You normally apologise because you are genuinely sorry about something you have done, or because someone else wants you to. Here is an excerpt from LM Montgomery’s Anne of Green Gables – this is the apology that eleven-year-old Anne Shirley made after flying into a rage in front of Mrs Lynde, to appease the Cuthberts who had adopted her.
“Oh, Mrs. Lynde, I am so extremely sorry,” she said with a quiver in her voice. “I could never express all my sorrow, no, not if I used up a whole dictionary. You must just imagine it. I behaved terribly to you—and I’ve disgraced the dear friends, Matthew and Marilla, who have let me stay at Green Gables although I’m not a boy. I’m a dreadfully wicked and ungrateful girl, and I deserve to be punished and cast out by respectable people forever. It was very wicked of me to fly into a temper because you told me the truth. It WAS the truth; every word you said was true. My hair is red and I’m freckled and skinny and ugly. What I said to you was true, too, but I shouldn’t have said it. Oh, Mrs. Lynde, please, please, forgive me. If you refuse it will be a lifelong sorrow on a poor little orphan girl, would you, even if she had a dreadful temper? Oh, I am sure you wouldn’t. Please say you forgive me, Mrs. Lynde.”

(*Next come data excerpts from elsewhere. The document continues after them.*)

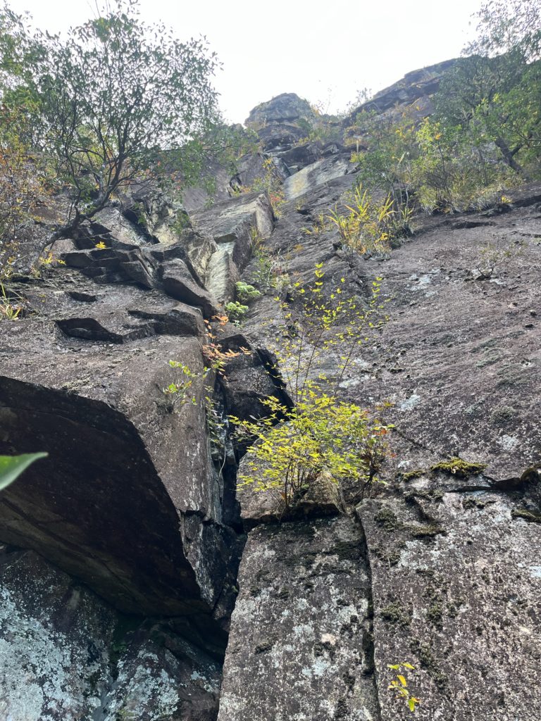 左側は大きく岩が崩壊したという事で、右側のカンテ沿いを登る。
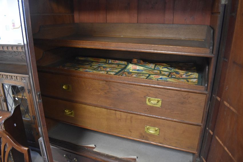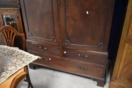 A George III mahogany press cupboard, having a dentil moulded frieze over two re-entrant panelled doors, enclosing the internal slides and drawers, the base section with 2/1 cockbeaded drawers with brass bale handles, on bracket feet 180cm x 130cm x 64cm
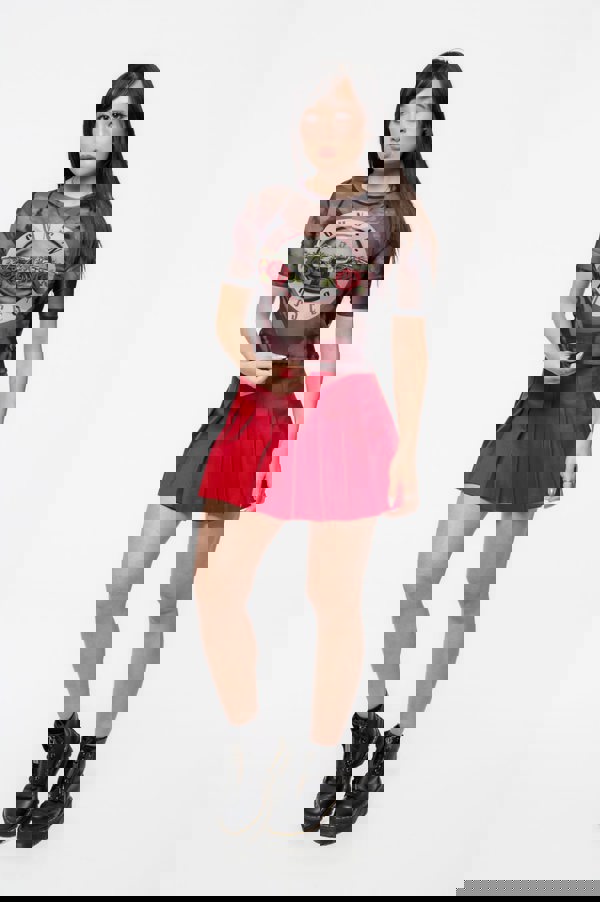 An official licensed Guns N' Roses Ladies Mesh Crop Top featuring the 'Pink Tint Logo ' design motif. This high quality Mesh Crop Top is available in a black colourway. Refined and stylish, this exquisite mesh fitted Mesh Crop Top embodies the essence of high fashion. Crafted with meticulous attention to detail, it boasts a mesmerizing all-over sublimation print that extends throughout. Comes in a wide range of sizes from XX-Small through X-Large, subject to availability.
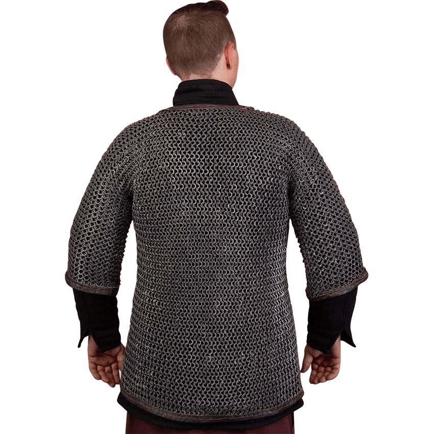 This aluminum chainmail armor is available in a wide variety of sizes. Please check the Size Chart for sizing details. For comfort, we recommend wearing a shirt or padded arming wear like a gambeson underneath this hauberk.
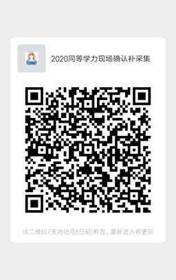 为配合做好2020年同等学力全国统考工作,学校拟定于2020年8月15日为未完成同等学力“信息平台”现场信息确认的申请人安排现场确认及补采集。由于疫情原因,将根据报名人数合理安排采集时间段,请参加补采集的学员扫描下列二维码进入微信群报名,报名截止时间2020年8月10日。具体采集时间和地点将在微信群后续发布。
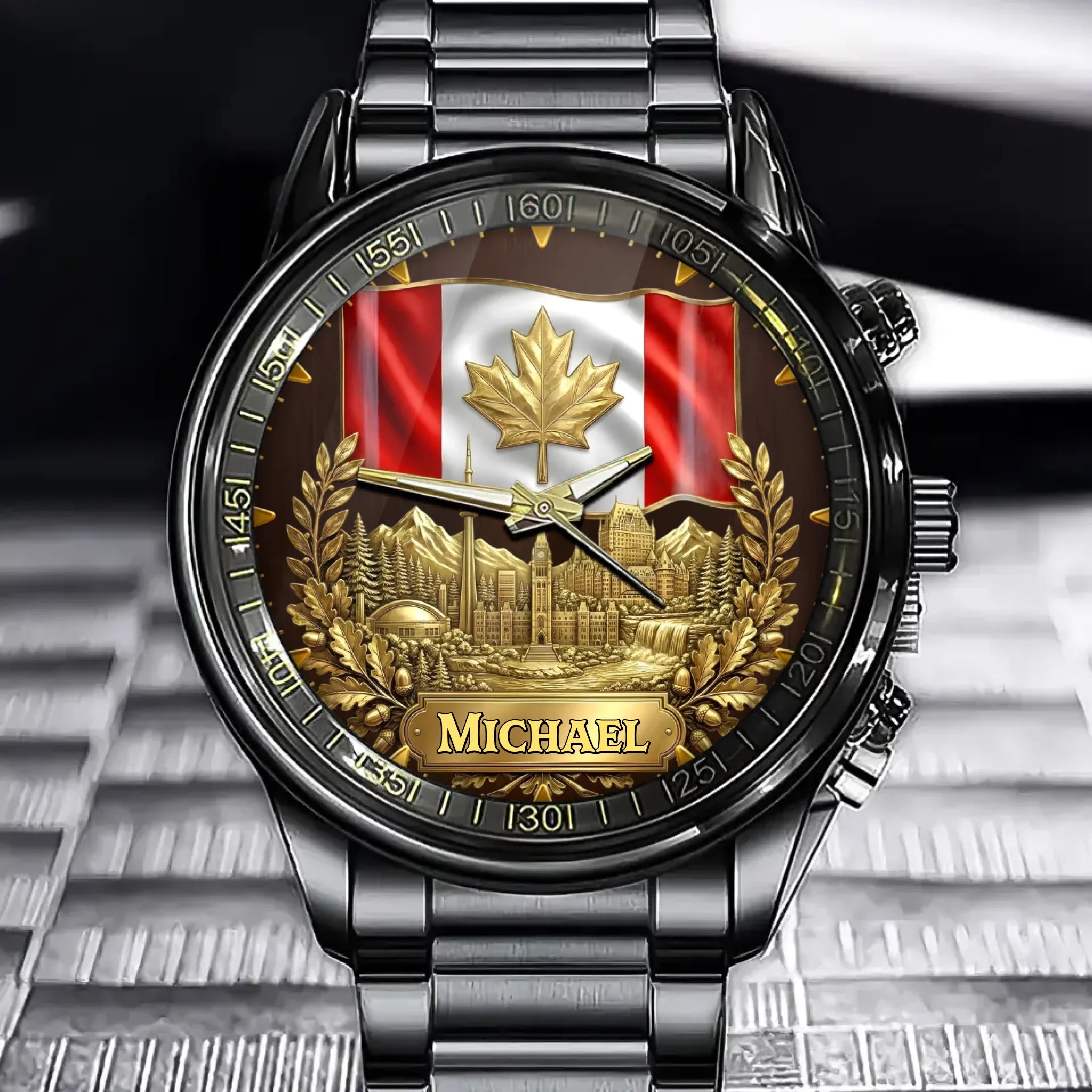 Personalized Canadian Heritage Watch – Custom Name Edition with Iconic Landmarks
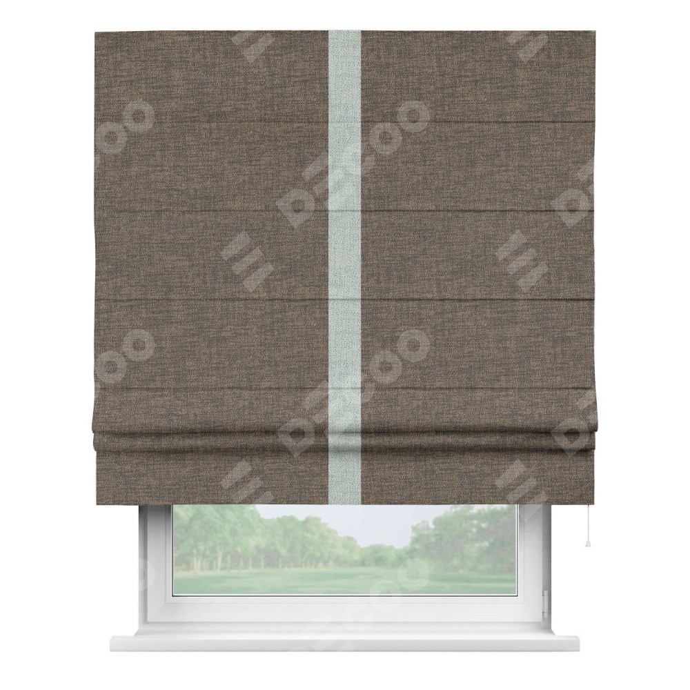 Римская штора производителя «Cortin», используется для проёма, пошита из ткани рогожка димаут коричневый, артикул 80420. Отделка шторы кантом «Хайвэй», ткань для канта используется из рогожки димаут разной расцветки на выбор. Имеет универсальный механизм и подходит для монтажа: на потолок, на стену и в нишу.
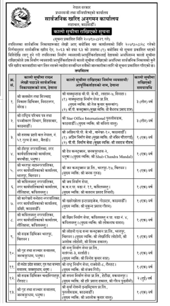 सिराहाको एक जेभीलाई तीन वर्ष र कपिलवस्तुका दुई, काठमाडौँ, जनकपुर,सर्लाही, रौतहत र मकवापुरका एक/एक ठेकेदार कम्पनी कालोसूचीमा परेका छन् । कालो सूचीमा राखिएको निर्माण व्यवसायी तथा आपूर्तिकर्ताहरूले कालो सूचीमा राखिएको अवधिभर सार्वजनिक निकायको कुनै पनि खरिद कारबाहीमा भाग लिन सक्ने छैनन् ।
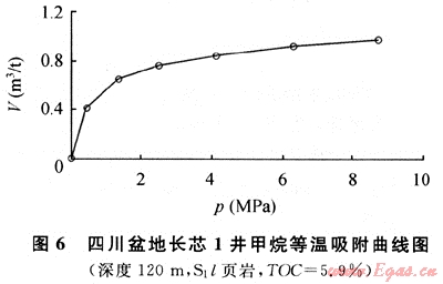 圖6為長芯1井120m處所取巖心的等溫吸附曲線(70℃等溫),該樣品為志留系龍馬溪組黑色頁巖,有機碳含量為5.9%,成熟度為3.26%。在70℃等溫條件下,隨著壓力增高,頁巖吸附甲烷的能力(V)逐漸增大,在壓力達到8.5MPa時,頁巖的甲烷吸附能力達到1m3/t。通過與美國5大頁巖氣盆地的頁巖等溫吸附曲線對比可以發(fā)現,長芯1井志留系頁巖的吸附能力除與圣胡安盆地白堊系Lewis頁巖相近外,均低于其他盆地的頁巖。究其原因,筆者認為很可能與成熟度有關。目前發(fā)現的進行商業(yè)開發(fā)的美國5大頁巖氣盆地的頁巖,成熟度普遍不高,介于0.4%~1.9%之間。而熱成因的頁巖氣藏,頁巖成熟度較高,大多在1.1%以上,最高不超過3%。四川盆地長芯1井志留系頁巖的成熟度過高,Ro達到了3.26%,已進入過成熟階段,這可能是導致其吸附能力較低的主要原因。另仔細分析可以發(fā)現,美國5大頁巖氣盆地中圣胡安盆地白堊系Lewis頁巖的成熟度最高,為1.6%~1.88%,其頁巖的吸附能力則最小。
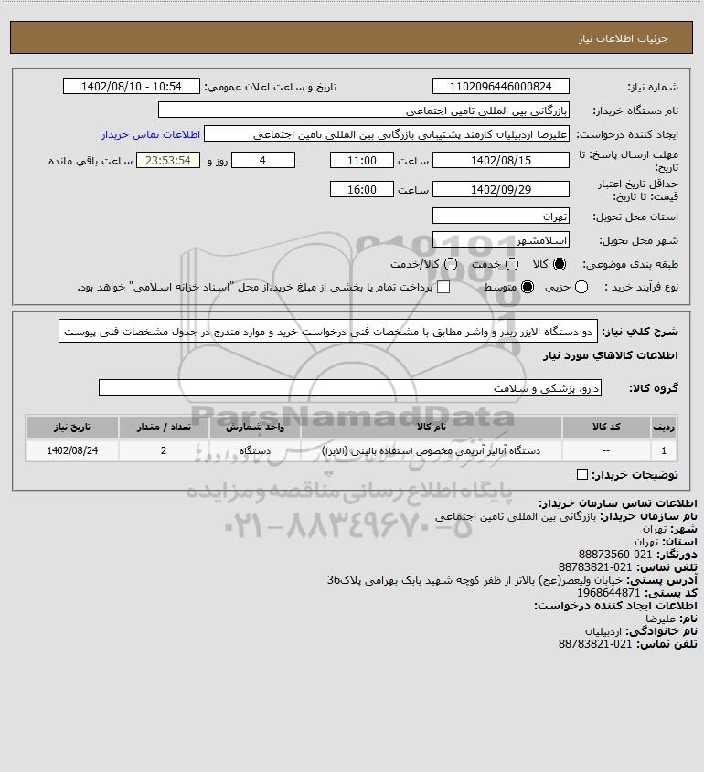 شرح کلی نیاز: دو دستگاه الایزر ریدر و واشر مطابق با مشخصات فنی درخواست خرید و موارد مندرج در جدول مشخصات فنی پیوست
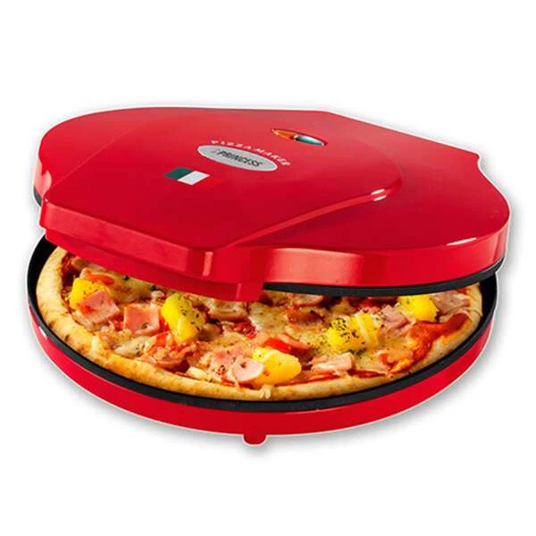 Аппарат великолепно подходит для приготовления различных видов пиццы в домашних условиях, поскольку имеет авторегулятор температуры, а также оснащен контактными лампами сети и нагрева. Для питания ему достаточно 230 В и 50 Гц; мощность – 1500 Вт. Еще одним преимуществом при использовании станет теплоизолированная ручка и устойчивые ножки, которые позволят удобно разместить и установить мейкер в любом кухонном пространстве.
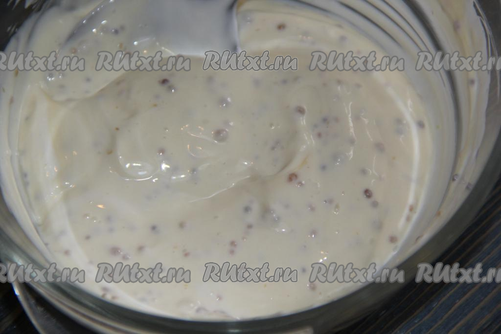 Для приготовления заправки соединить сметану, майонез, горчицу и чеснок, предварительно очищенный и пропущенный через пресс.
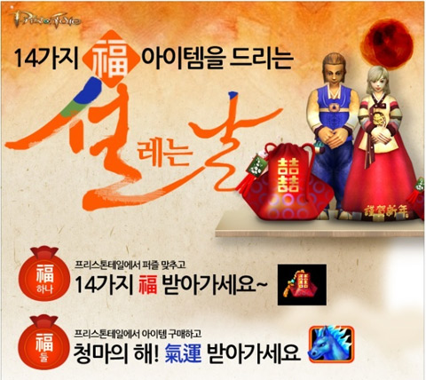 ... ‘신규회원 이벤트’로 문화상품권을 100명에게 지급한다. ‘8초식 무공이벤트’로 마왕의 유산 아이템 사용시 획득율을 증가시키고 몬스터 사냥 및 PVP를 통해 드랍되는 ‘근’ ‘하’ ‘신’ ‘년’ 글자 아이템을 모아 조합하면 떡국 아이템을 얻을 수 있으며 떡국 아이템을 사용시
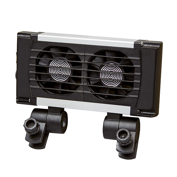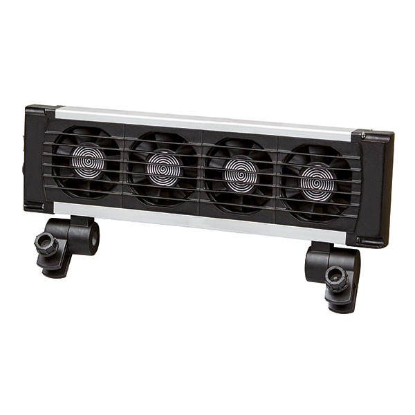 AQUA COOLER V4 – Enfría acuarios de hasta 300 l en 4 ° C. Montaje simple, ventiladores con seguridad y cubierta inclinable hasta 55 °. Adecuado para agua marina, ya que está hecho de de aluminio. Incluye voltaje extra bajo con transformador de seguridad
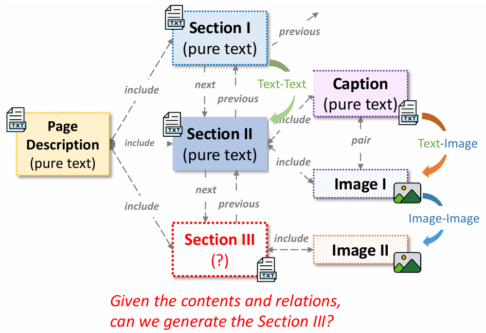 本图展示了多模态数据在文档中的复杂关系,其中章节、图像、标题和页面描述形成了一个结构化的图。图中通过箭头表示不同元素之间的连接关系,例如章节之间的层次关系、图像与文本的配对关系以及图像与页面描述的关联。这些关系构成了一个复杂的图结构,其中每个节点(如章节、图像)都可能与其他节点通过多跳连接相互影响。这种复杂的多模态交互关系是本文研究的核心,旨在通过图结构来更好地理解和生成文档中的内容。例如,给定章节的内容、图像及其邻近的上下文信息,模型需要生成缺失的章节内容(如Section III)。这一任务不仅需要理解单个模态内的信息,还需要跨模态的融合和多跳邻居的信息传递,从而体现出图结构在多模态学习中的重要性。
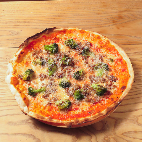 独自配合した生地を極限まで薄く伸ばして、250℃の窯オーブンでじっくりと焼き上げており、パリッとした食感が特徴のクリスピータイプのピザです。ペコリーノ ロマーノチーズ/モッツァレラ/香り豚のサルシッチャ/ブロッコリー/コショウ/トマトソース
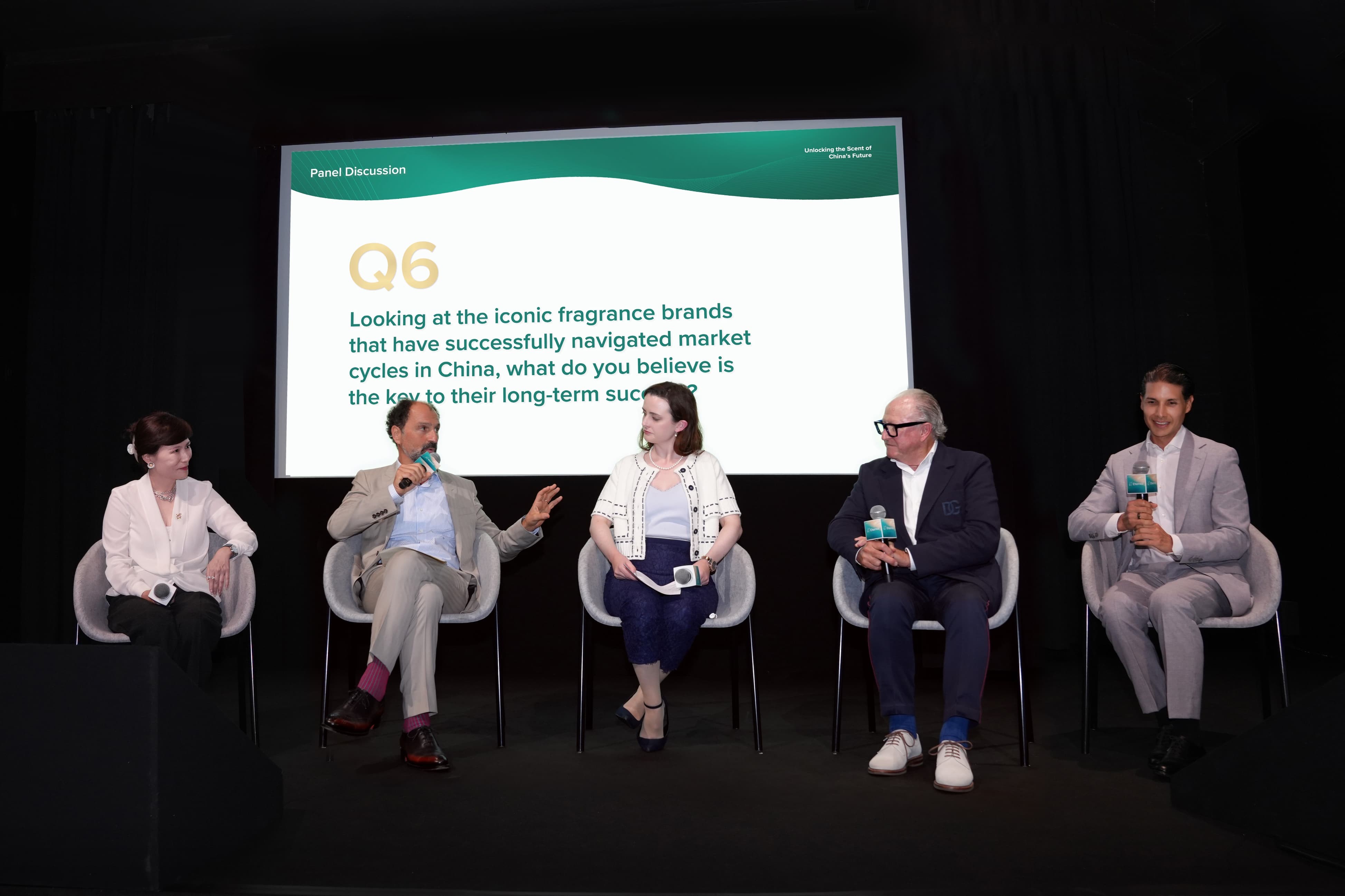 在主题为“中国消费者真正想要什么?”的圆桌讨论中,多位行业专家共同探讨了中国消费者的消费动机变迁、品牌长效建设及社交媒体赋能。在中国,香水不再只是一种香味,更是一种“情感货币”。因此,Alberto Morillas强调:“经典香水的成功依赖于品牌形象与嗅觉签名的高度统一,需建立深刻的情感连接,而不仅追逐短期趋势。”Patrizio Stella则认为:“品牌需在保持基因一致的前提下,灵活本地化——从产品、营销到渠道,深入理解中国消费者演变中的偏好。”
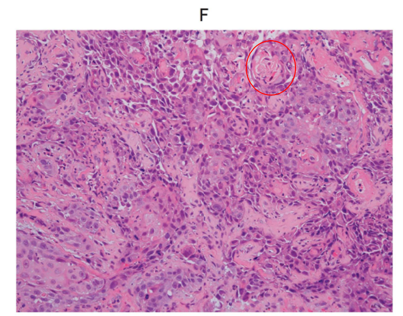 口腔内写真(別冊午後No.36)を別に示す。丸で囲んだ部分は患部を示す。

Anne clasped her hands together, bowed her head, and waited for the word of judgment.
There was no mistaking her sincerity—it breathed in every tone of her voice. Both Marilla and Mrs. Lynde recognized its unmistakable ring. But the former under-stood in dismay that Anne was actually enjoying her valley of humiliation—was reveling in the thoroughness of her abasement. Where was the wholesome punishment upon which she, Marilla, had plumed herself? Anne had turned it into a species of positive pleasure.
And later, as Anne and Marilla Cuthbert walked home: “I apologized pretty well, didn’t I?” she said proudly as they went down the lane. “I thought since I had to do it I might as well do it thoroughly.”
It is one thing for a young girl to revel in a dramatic apology she has been forced to make while being wholly unrepentant, but quite another for a grown man, a journalist who has made his career by calling people out on their lack of honesty. Clearly, ideals exist so that everyone else can live up to them.